Entries supplied:
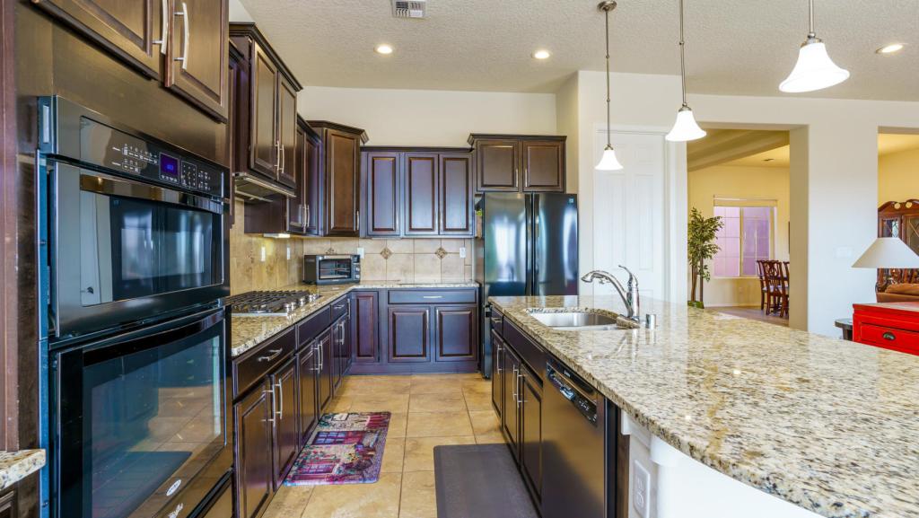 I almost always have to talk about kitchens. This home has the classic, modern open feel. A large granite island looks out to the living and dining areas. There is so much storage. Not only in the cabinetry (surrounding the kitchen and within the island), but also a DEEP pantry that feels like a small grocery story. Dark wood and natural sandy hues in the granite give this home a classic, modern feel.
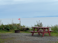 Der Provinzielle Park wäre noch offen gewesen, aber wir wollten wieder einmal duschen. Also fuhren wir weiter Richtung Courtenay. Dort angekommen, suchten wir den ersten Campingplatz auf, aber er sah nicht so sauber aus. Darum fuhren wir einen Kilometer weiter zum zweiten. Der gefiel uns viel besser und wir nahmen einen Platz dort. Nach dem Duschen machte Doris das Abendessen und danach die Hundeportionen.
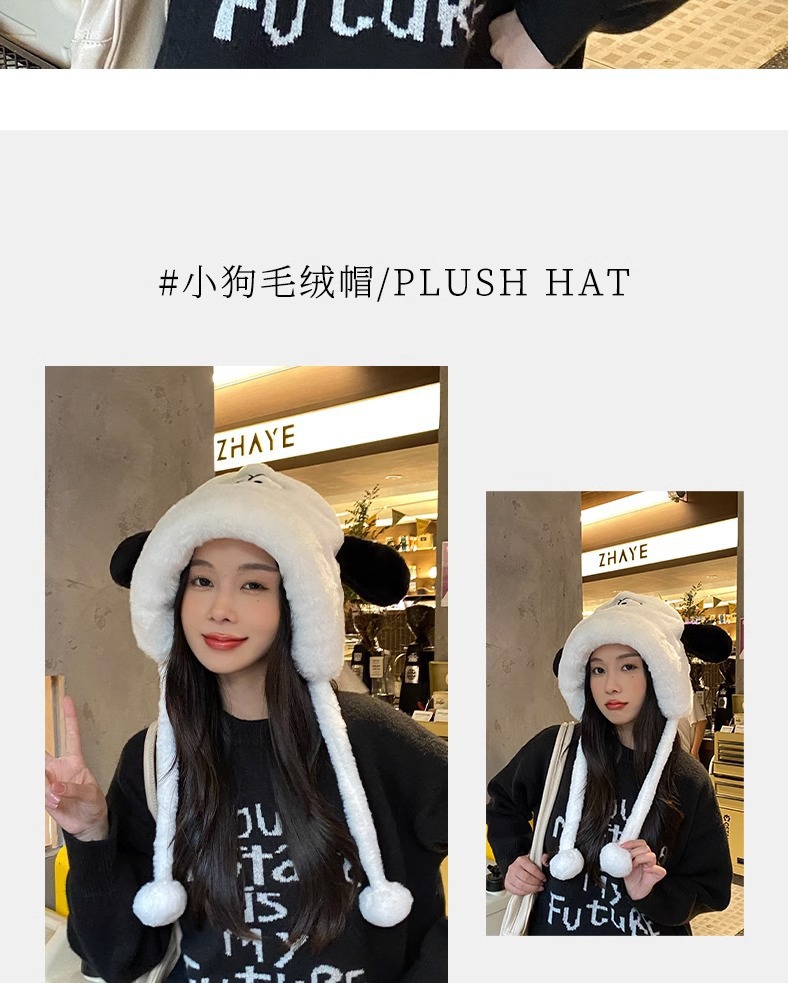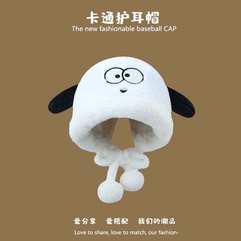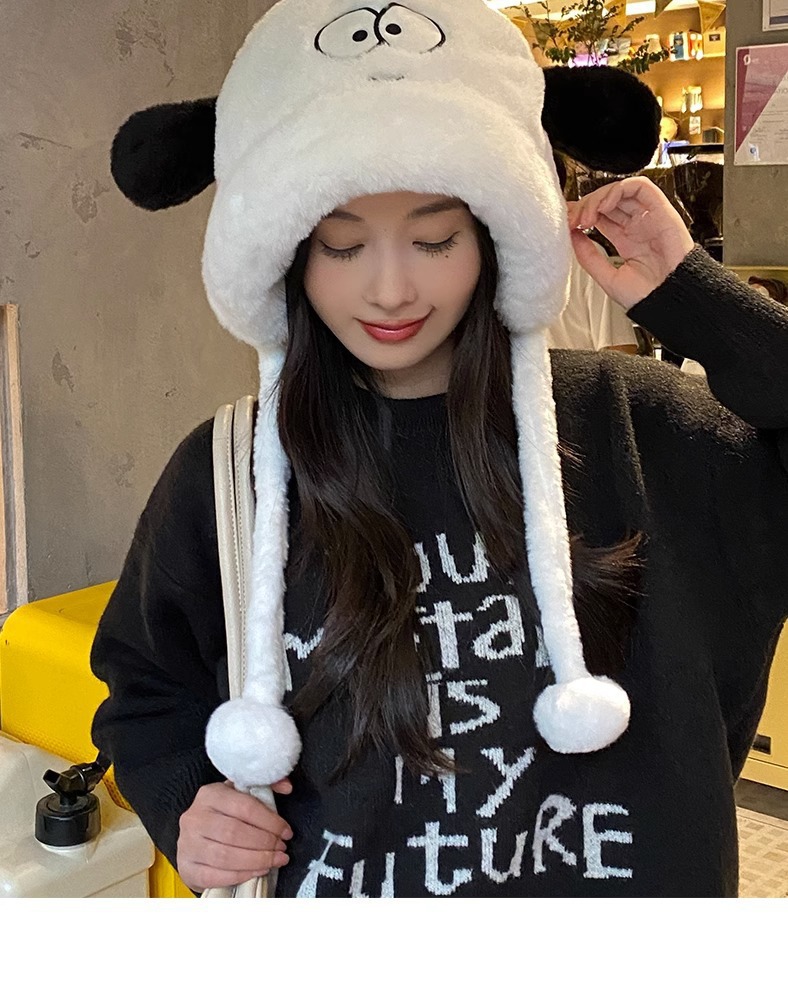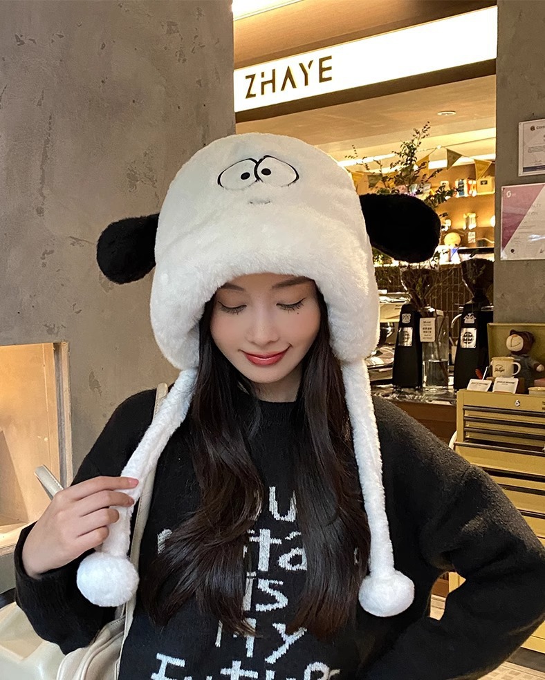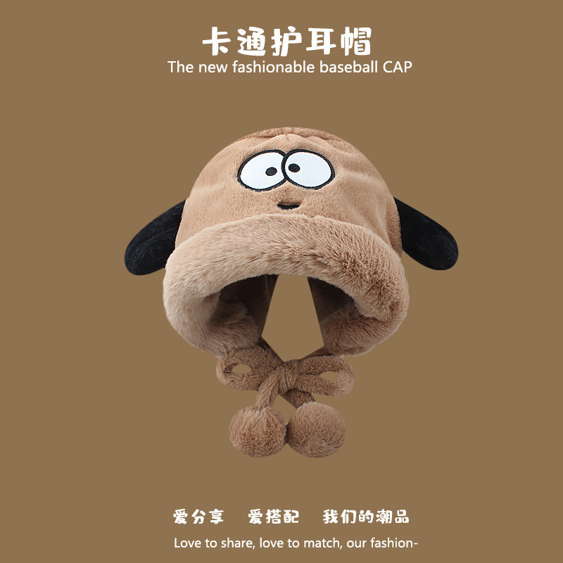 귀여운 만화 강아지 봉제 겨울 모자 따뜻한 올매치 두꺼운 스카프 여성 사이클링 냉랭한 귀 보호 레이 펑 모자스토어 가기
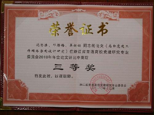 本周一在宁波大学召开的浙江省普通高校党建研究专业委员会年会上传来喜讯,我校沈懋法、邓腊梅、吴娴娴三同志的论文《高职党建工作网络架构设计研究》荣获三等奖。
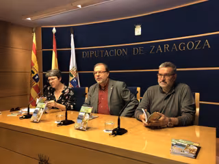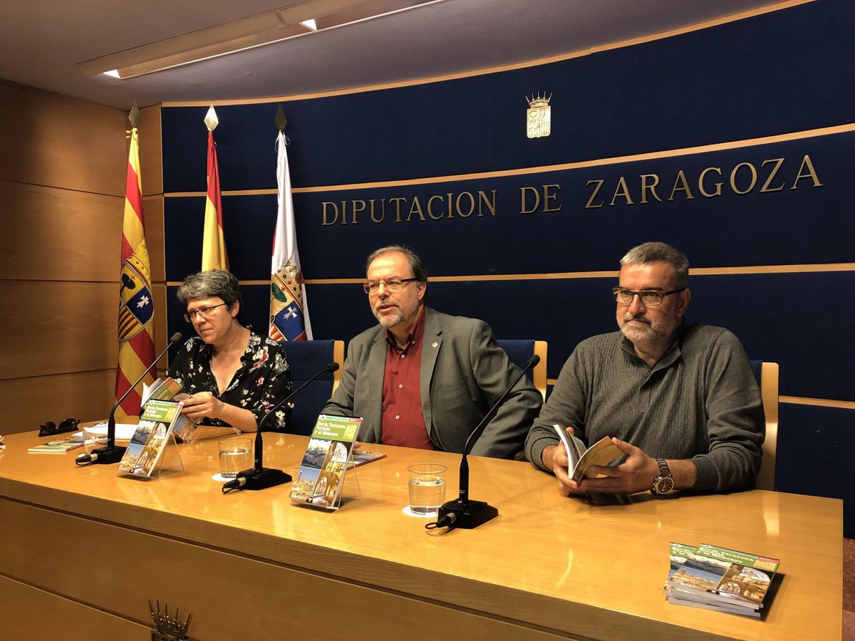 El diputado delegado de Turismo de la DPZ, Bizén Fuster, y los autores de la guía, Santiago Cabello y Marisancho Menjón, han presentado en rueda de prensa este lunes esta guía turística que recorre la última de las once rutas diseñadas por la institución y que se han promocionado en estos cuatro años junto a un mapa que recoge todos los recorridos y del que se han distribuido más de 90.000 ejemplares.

The task:
Starting with the line that holds "귀여운 만화 강아지 봉제", print each line through the last one of the data exactly as written, but do not include the pictures.

Written response:
 귀여운 만화 강아지 봉제 겨울 모자 따뜻한 올매치 두꺼운 스카프 여성 사이클링 냉랭한 귀 보호 레이 펑 모자스토어 가기
 本周一在宁波大学召开的浙江省普通高校党建研究专业委员会年会上传来喜讯,我校沈懋法、邓腊梅、吴娴娴三同志的论文《高职党建工作网络架构设计研究》荣获三等奖。
 El diputado delegado de Turismo de la DPZ, Bizén Fuster, y los autores de la guía, Santiago Cabello y Marisancho Menjón, han presentado en rueda de prensa este lunes esta guía turística que recorre la última de las once rutas diseñadas por la institución y que se han promocionado en estos cuatro años junto a un mapa que recoge todos los recorridos y del que se han distribuido más de 90.000 ejemplares.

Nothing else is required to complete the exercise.